Robert Thomas also contends that because Vista had the right to rescind the contract as soon as it learned of the fraud, Vista should not be allowed to wait to sue until it incurred damage.   Robert Thomas relies upon Griffin v. Payne (1933) 133 Cal.App. 363, 24 P.2d 370 (Griffin ), where we held that a customer who was notified of a stock trade and did nothing could not later sue when he lost money on the stock.   We reasoned that “ ‘where there remains with the principal, after his complete knowledge of the transaction, the power to rescind, and he fails to do so he is properly charged with the full acceptance of all the responsibilities of the contract, even to the exoneration of his agent, because with the ability to rescind, if he had rescinded, the transaction would be at an end and no one would be injured.’  [Citation.]”  (Id. at p. 373-374, 24 P.2d 370.)   As the full quotation makes clear, Griffin relies upon a principal's ratification of an agent's action.   Griffin does not govern this case,  where the broker “fail[s] to make a full disclosure of the facts surrounding the [security] transactions.”   (Weiner v.
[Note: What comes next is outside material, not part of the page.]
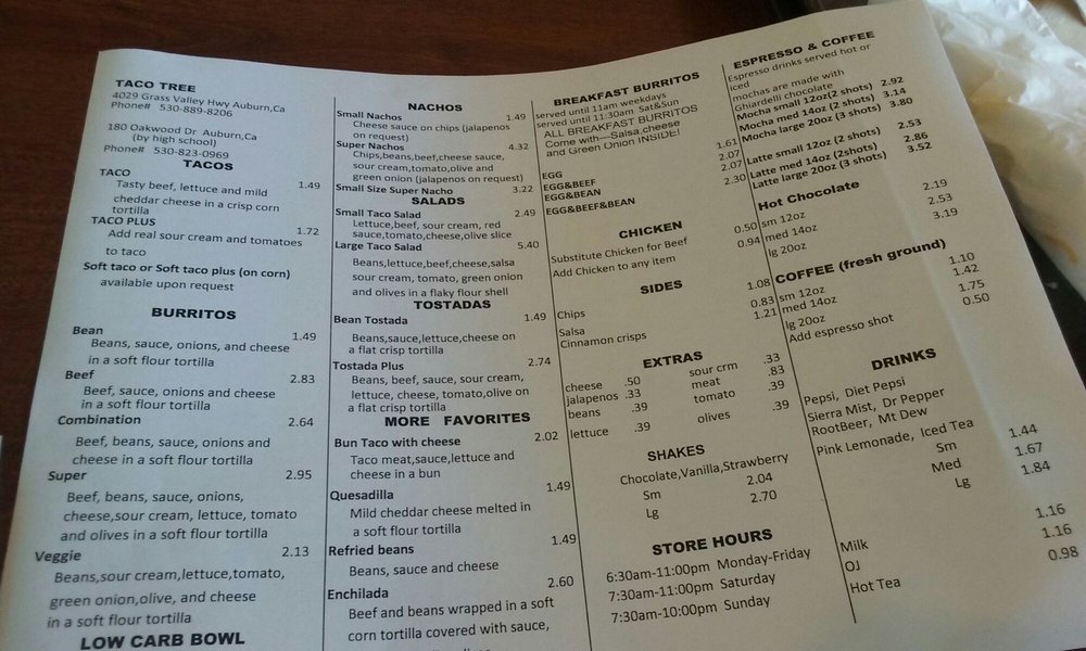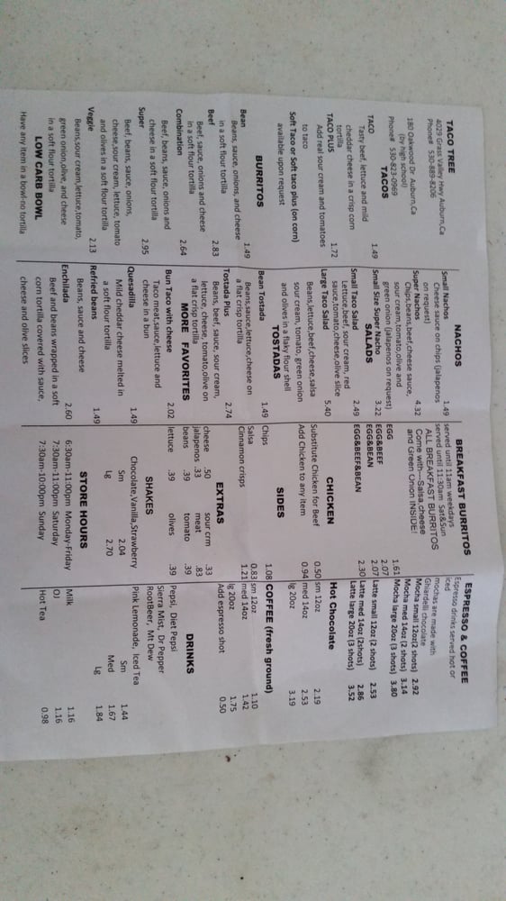 Taco Tree in Auburn, CA offers fast, fresh, and delicious Mexican food. Customers rave about the chicken taco salad, beef bean burrito, burritos, tacos, and tostadas. The menu is simple, with options to customize your meal with extras like sour cream and tomatoes. Prices are slightly higher than typical fast food taco joints, but the portions are generous and packed with fillings. The staff is friendly, and the service is fast. Customers appreciate the real cheese in the burritos and the flavorful taco sauce packets. Overall, Taco Tree provides a satisfying meal in a casual yet classy atmosphere. Whether you're looking for a quick Mexican meal or a spot for lunch or dinner, Taco Tree is a recommended choice in the area.

Mullaney (1943) 59 Cal.App.2d 620, 637, 140 P.2d 704 [distinguishing Griffin in a breach of fiduciary duty case].)

 Vista has the right to elect its remedy:  “When a party learns that he has been defrauded, he may, instead of rescinding, elect to stand on the contract and sue for damages, and in such case his continued performance of the agreement does not constitute a waiver of his action for damages.”   (Bagdasarian v. Gragnon (1948) 31 Cal.2d 744, 750, 192 P.2d 935.)   In this case, Vista elected to sue for fraud instead of rescission.

IV. The Four-Year Statute of Limitations

 Vista contends the four-year statute of limitations applies to its causes of action for breach of fiduciary duty and breach of the implied covenant of good faith and fair dealing.   The statute of limitations that applies to an action is governed by the gravamen of the complaint, not the cause of action pled.  (Wyatt v. Union Mortgage Co. (1979) 24 Cal.3d 773, 786, fn. 2, 157 Cal.Rptr. 392, 598 P.2d 45.) The gravamen of Vista's complaint is that Robert Thomas's acts constituted actual or constructive fraud.   The applicable statute of limitations for fraud is three years.  (Code Civ.Proc. § 338, subd. (d).)  Therefore, the court did not err in holding the statute of limitations is three years.


The judgment is reversed.   Respondent to bear costs on appeal.


1.   Robert Thomas relies upon Vista's attorney's statement that Vista lost money on the two SBA strips that were sold.   However, Rowlen's October 4, 1990 letter states one of the SBA strips was sold at the price at which Vista purchased it.


WORK, Acting P.J., and HALLER, J., concur.